# DATA EXCERPT:
········
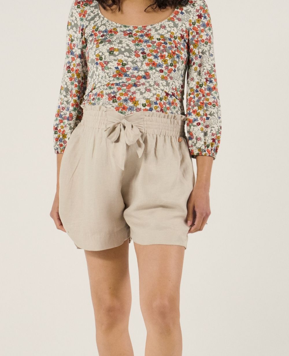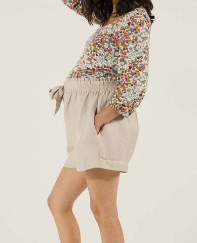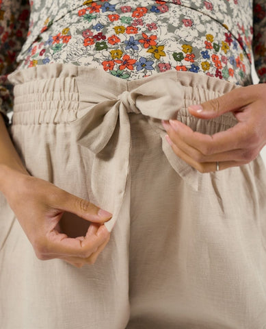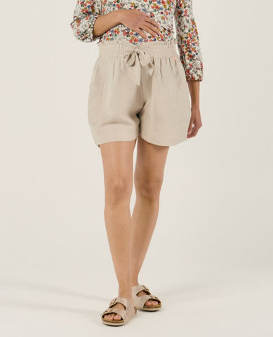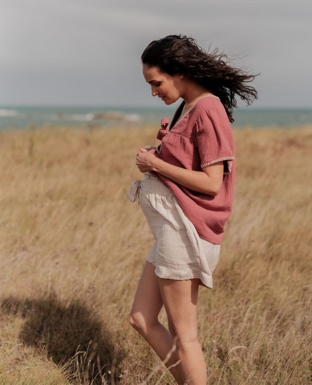 Le short de maternité Nubie Beige allie fluidité et confort grâce à sa matière twill Cupro Ecovero et sa ceinture élastiquée smockée.
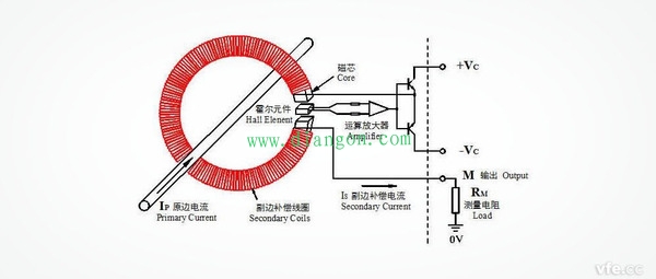 当原边电流IP流过一根长导线时,在环形磁芯中产生一磁场,这一磁场的大小与流过导线的电流成正比,产生的磁场聚集在磁环内,通过磁环气隙中霍尔元件进行测量并放大输出,其输出电压VS按比例的反映原边电流IP。
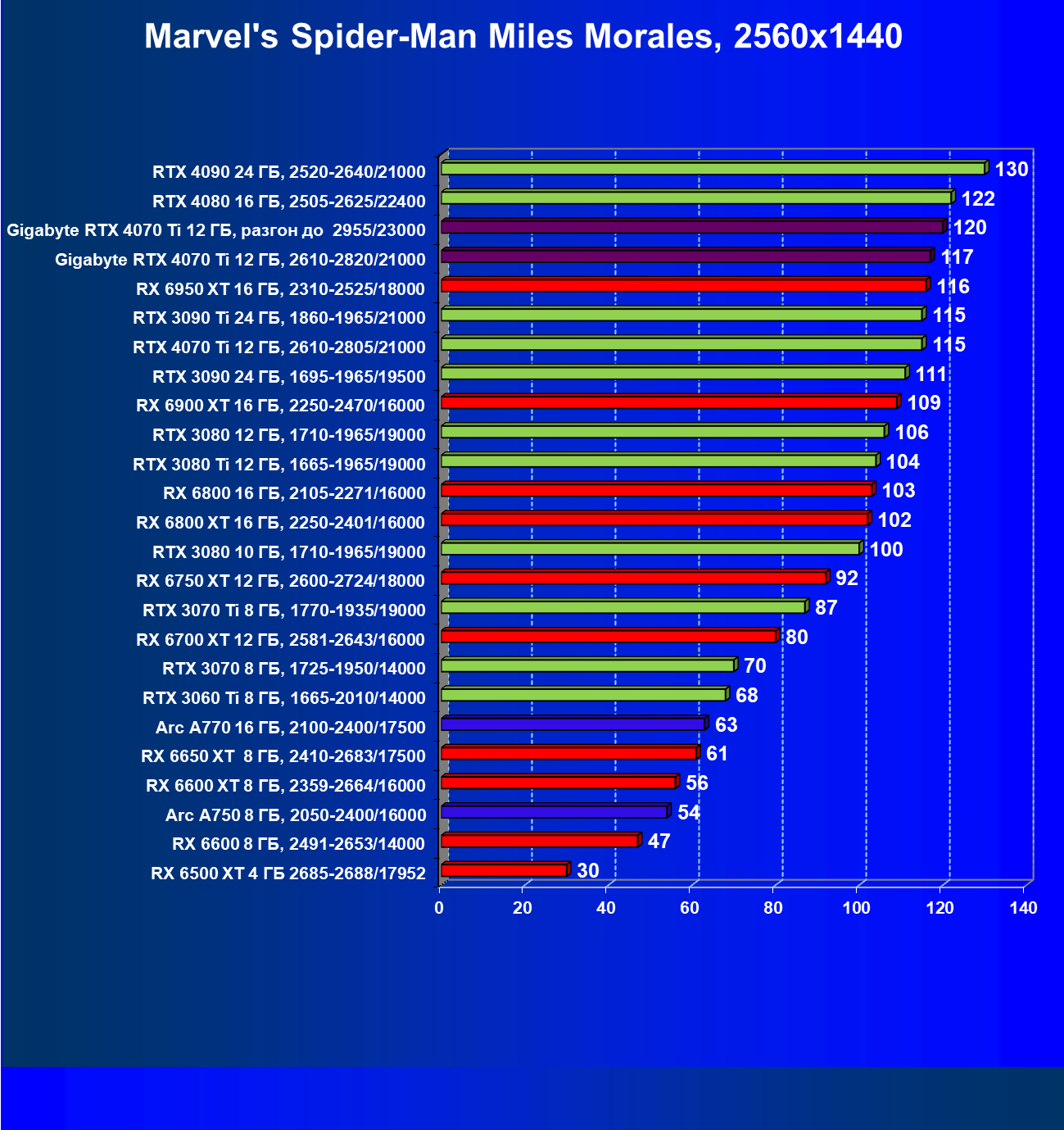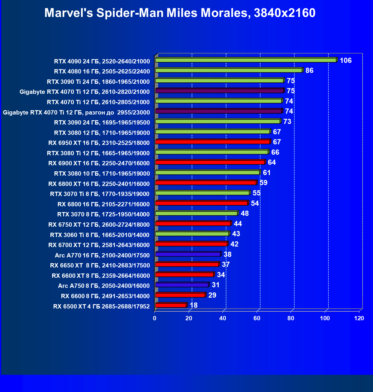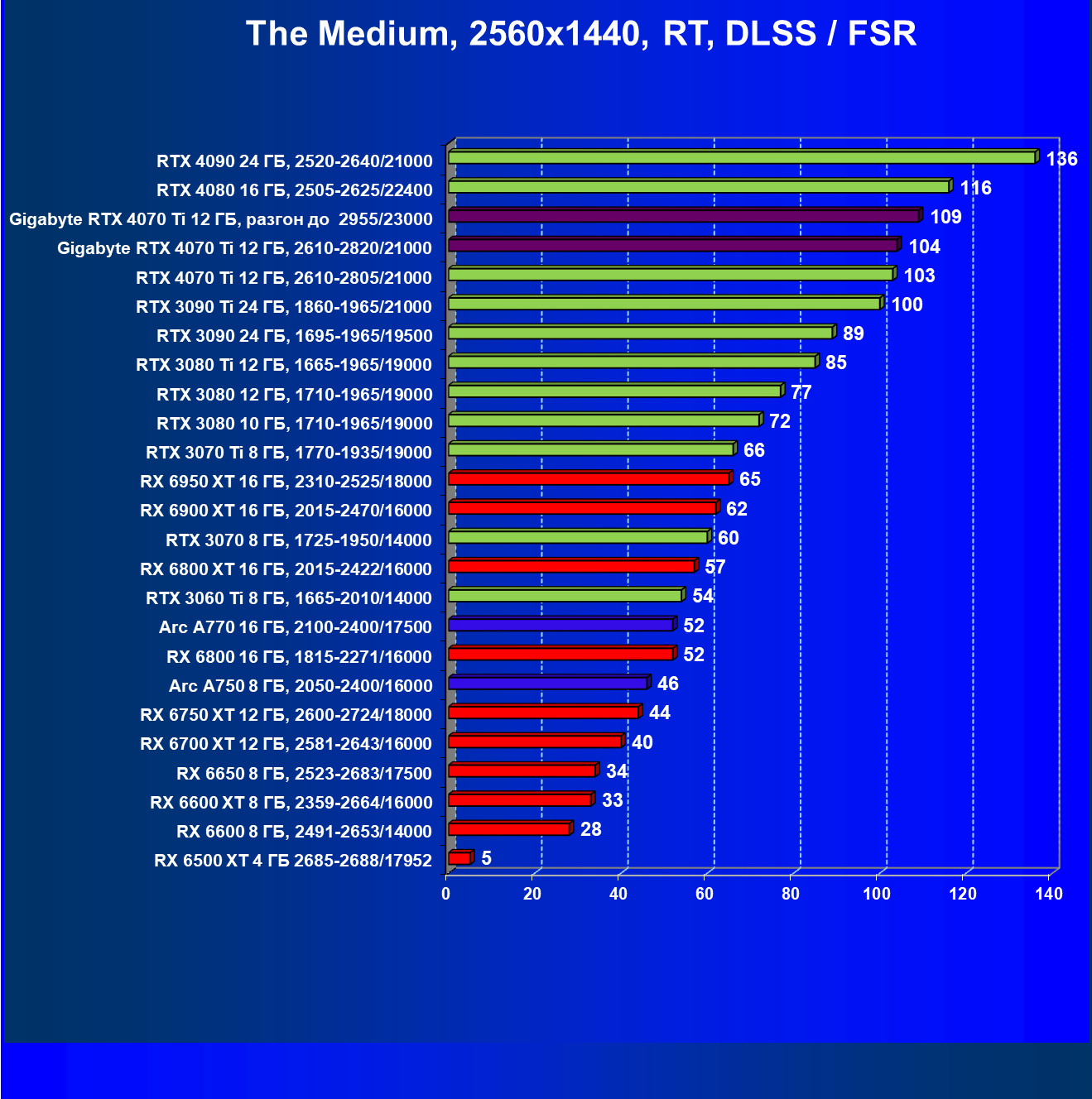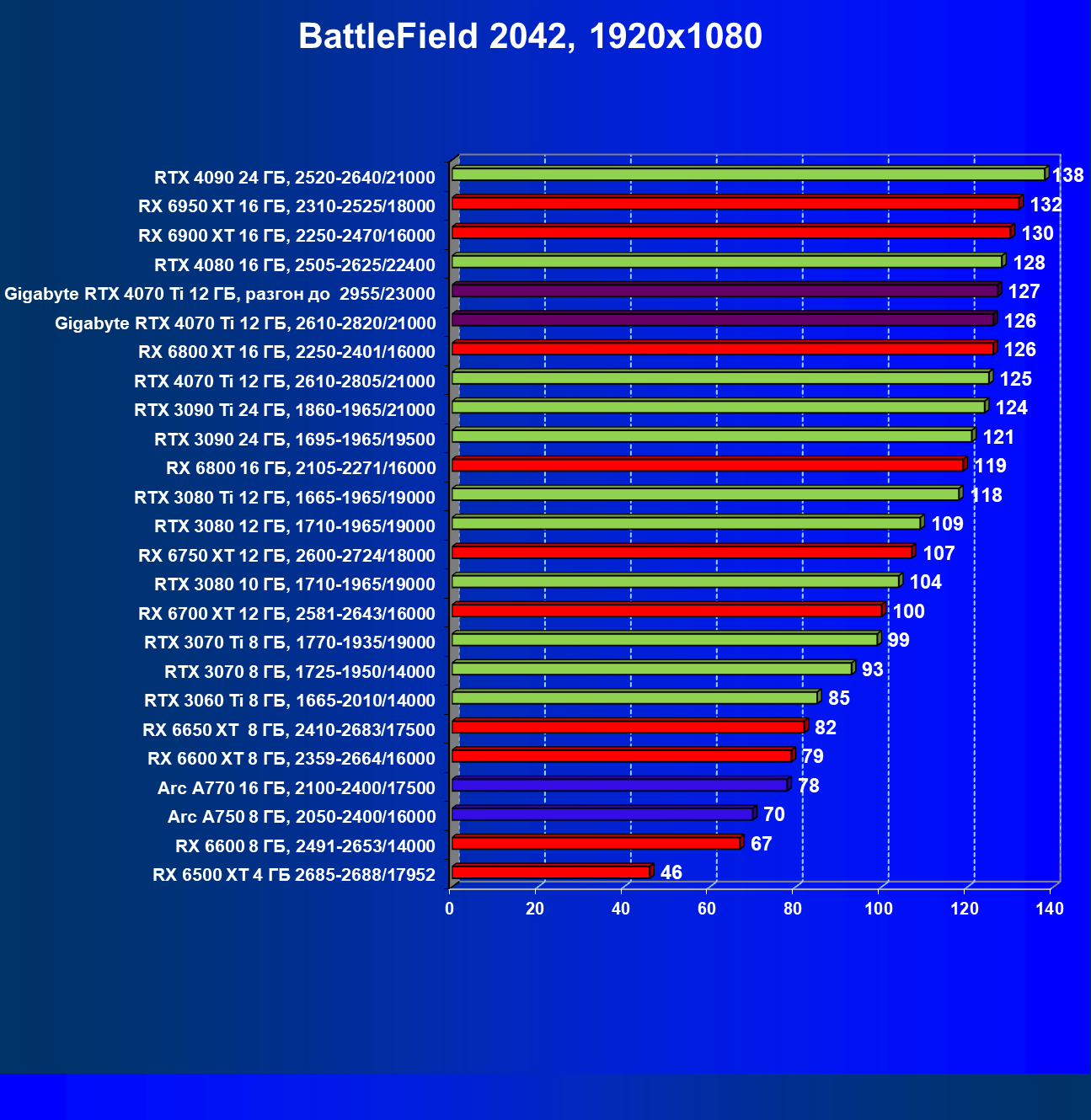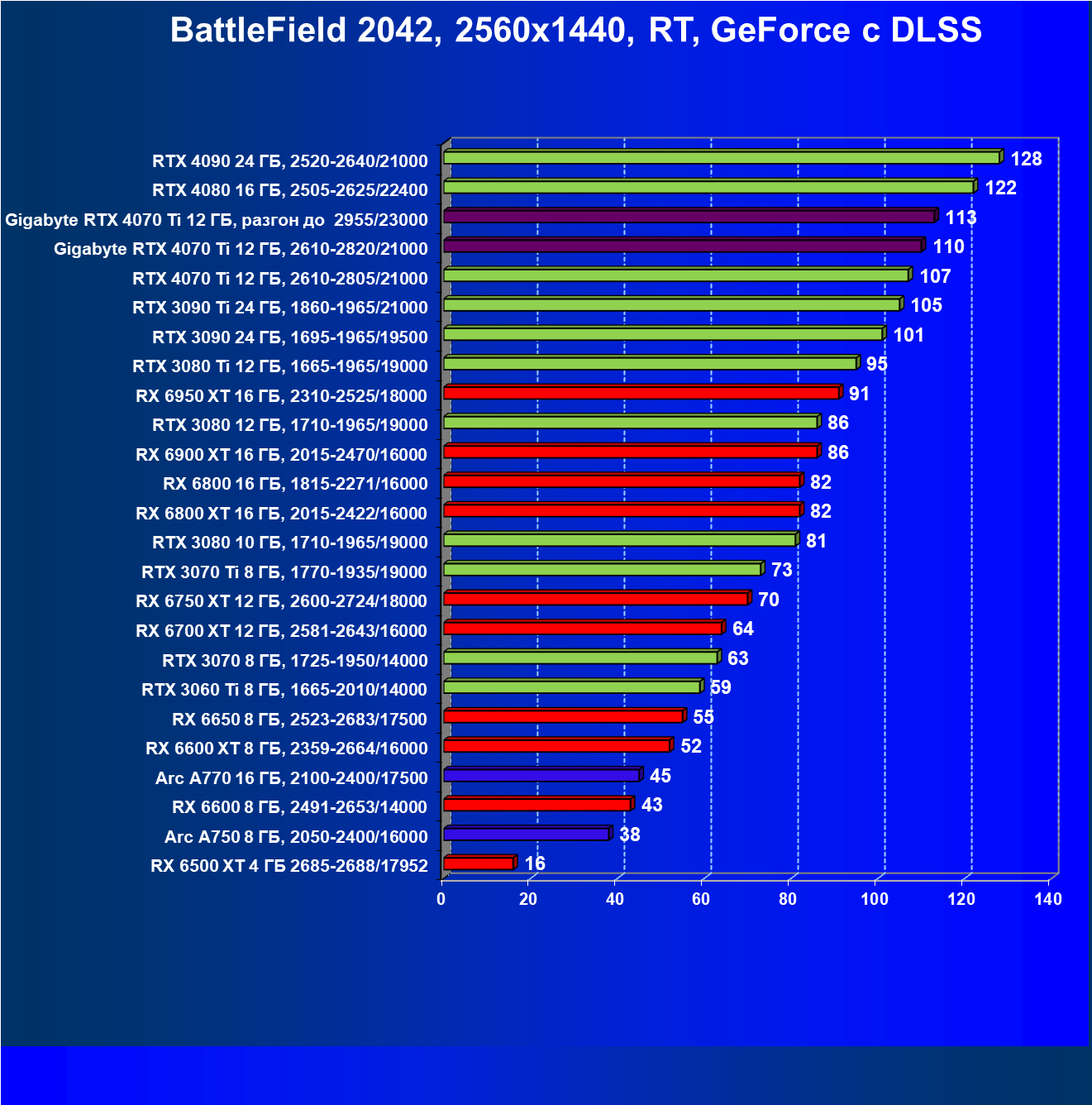 | 18 | Gigabyte RTX 4070 Ti Gaming OC 12 ГБ, 2610—2820/21000 | 56 | 472 | 84 000 |
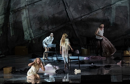 Die Regisseurin beschwört in ihrer Inszenierung eine verdorbene Welt, die aus den Fugen geraten ist. Das Bühnenbild von Barbara Hanicka stellt eine offene, zeitweilig rotierende Halbkugel in meist düsteren Farben dar. Projektionen suggerieren Natur- und Klimakatastrophen und eine Atomexplosion als Horrorszenarium. Die Erde könnte es sein, ein Bunker oder ein Kopf. Einmal flattern schwarze Vögel wie in Hitchcocks Thriller vom Himmel und natürlich ist auch Corona präsent, wenn sich die Mitwirkenden Masken aufsetzen, in Anspielung auf eine Textpassage, in der von einem Virus die Rede ist.
········
Where the material above includes pictures, omit them and retype everything else exactly.

# THE ANSWER:
 Le short de maternité Nubie Beige allie fluidité et confort grâce à sa matière twill Cupro Ecovero et sa ceinture élastiquée smockée.
 当原边电流IP流过一根长导线时,在环形磁芯中产生一磁场,这一磁场的大小与流过导线的电流成正比,产生的磁场聚集在磁环内,通过磁环气隙中霍尔元件进行测量并放大输出,其输出电压VS按比例的反映原边电流IP。
 | 18 | Gigabyte RTX 4070 Ti Gaming OC 12 ГБ, 2610—2820/21000 | 56 | 472 | 84 000 |
 Die Regisseurin beschwört in ihrer Inszenierung eine verdorbene Welt, die aus den Fugen geraten ist. Das Bühnenbild von Barbara Hanicka stellt eine offene, zeitweilig rotierende Halbkugel in meist düsteren Farben dar. Projektionen suggerieren Natur- und Klimakatastrophen und eine Atomexplosion als Horrorszenarium. Die Erde könnte es sein, ein Bunker oder ein Kopf. Einmal flattern schwarze Vögel wie in Hitchcocks Thriller vom Himmel und natürlich ist auch Corona präsent, wenn sich die Mitwirkenden Masken aufsetzen, in Anspielung auf eine Textpassage, in der von einem Virus die Rede ist.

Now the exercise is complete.